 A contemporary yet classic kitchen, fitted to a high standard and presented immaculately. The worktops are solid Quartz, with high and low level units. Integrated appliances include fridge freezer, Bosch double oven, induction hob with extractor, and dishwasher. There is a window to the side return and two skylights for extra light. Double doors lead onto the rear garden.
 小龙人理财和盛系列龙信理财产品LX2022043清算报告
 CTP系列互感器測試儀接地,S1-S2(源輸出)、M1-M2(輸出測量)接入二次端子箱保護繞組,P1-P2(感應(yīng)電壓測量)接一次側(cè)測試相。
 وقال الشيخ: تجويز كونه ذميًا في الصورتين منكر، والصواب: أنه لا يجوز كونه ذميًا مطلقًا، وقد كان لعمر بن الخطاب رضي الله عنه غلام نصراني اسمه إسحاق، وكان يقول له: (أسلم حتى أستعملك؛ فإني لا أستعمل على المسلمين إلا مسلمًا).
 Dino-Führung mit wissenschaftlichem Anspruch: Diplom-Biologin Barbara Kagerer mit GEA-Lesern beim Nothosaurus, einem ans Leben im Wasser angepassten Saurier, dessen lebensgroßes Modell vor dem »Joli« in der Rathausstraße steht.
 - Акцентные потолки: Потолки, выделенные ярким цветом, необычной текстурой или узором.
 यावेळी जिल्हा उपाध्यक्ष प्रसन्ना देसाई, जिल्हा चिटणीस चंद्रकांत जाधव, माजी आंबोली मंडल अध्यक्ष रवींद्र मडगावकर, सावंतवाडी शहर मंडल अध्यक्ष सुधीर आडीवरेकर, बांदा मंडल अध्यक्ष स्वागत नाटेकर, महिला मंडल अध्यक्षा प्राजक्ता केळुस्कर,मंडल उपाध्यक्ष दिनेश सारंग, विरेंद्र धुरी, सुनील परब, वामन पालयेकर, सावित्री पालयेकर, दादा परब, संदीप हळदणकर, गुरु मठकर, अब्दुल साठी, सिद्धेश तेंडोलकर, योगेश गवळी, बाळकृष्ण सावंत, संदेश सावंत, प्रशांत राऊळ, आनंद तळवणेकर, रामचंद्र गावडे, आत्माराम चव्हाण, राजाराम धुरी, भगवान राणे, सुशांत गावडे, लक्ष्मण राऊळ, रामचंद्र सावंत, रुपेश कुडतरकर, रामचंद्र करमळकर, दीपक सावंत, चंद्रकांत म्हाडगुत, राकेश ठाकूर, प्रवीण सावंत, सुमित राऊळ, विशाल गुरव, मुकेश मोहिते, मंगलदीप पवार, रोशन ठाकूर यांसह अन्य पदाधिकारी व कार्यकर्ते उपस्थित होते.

--*--

* Work to complete:
Everything from the line with "小龙人理财和盛系列龙信理财产品LX2022043清算报告" through the last line of the data above, please return word for word, and no other line.

* Task solution:
 小龙人理财和盛系列龙信理财产品LX2022043清算报告
 CTP系列互感器測試儀接地,S1-S2(源輸出)、M1-M2(輸出測量)接入二次端子箱保護繞組,P1-P2(感應(yīng)電壓測量)接一次側(cè)測試相。
 وقال الشيخ: تجويز كونه ذميًا في الصورتين منكر، والصواب: أنه لا يجوز كونه ذميًا مطلقًا، وقد كان لعمر بن الخطاب رضي الله عنه غلام نصراني اسمه إسحاق، وكان يقول له: (أسلم حتى أستعملك؛ فإني لا أستعمل على المسلمين إلا مسلمًا).
 Dino-Führung mit wissenschaftlichem Anspruch: Diplom-Biologin Barbara Kagerer mit GEA-Lesern beim Nothosaurus, einem ans Leben im Wasser angepassten Saurier, dessen lebensgroßes Modell vor dem »Joli« in der Rathausstraße steht.
 - Акцентные потолки: Потолки, выделенные ярким цветом, необычной текстурой или узором.
 यावेळी जिल्हा उपाध्यक्ष प्रसन्ना देसाई, जिल्हा चिटणीस चंद्रकांत जाधव, माजी आंबोली मंडल अध्यक्ष रवींद्र मडगावकर, सावंतवाडी शहर मंडल अध्यक्ष सुधीर आडीवरेकर, बांदा मंडल अध्यक्ष स्वागत नाटेकर, महिला मंडल अध्यक्षा प्राजक्ता केळुस्कर,मंडल उपाध्यक्ष दिनेश सारंग, विरेंद्र धुरी, सुनील परब, वामन पालयेकर, सावित्री पालयेकर, दादा परब, संदीप हळदणकर, गुरु मठकर, अब्दुल साठी, सिद्धेश तेंडोलकर, योगेश गवळी, बाळकृष्ण सावंत, संदेश सावंत, प्रशांत राऊळ, आनंद तळवणेकर, रामचंद्र गावडे, आत्माराम चव्हाण, राजाराम धुरी, भगवान राणे, सुशांत गावडे, लक्ष्मण राऊळ, रामचंद्र सावंत, रुपेश कुडतरकर, रामचंद्र करमळकर, दीपक सावंत, चंद्रकांत म्हाडगुत, राकेश ठाकूर, प्रवीण सावंत, सुमित राऊळ, विशाल गुरव, मुकेश मोहिते, मंगलदीप पवार, रोशन ठाकूर यांसह अन्य पदाधिकारी व कार्यकर्ते उपस्थित होते.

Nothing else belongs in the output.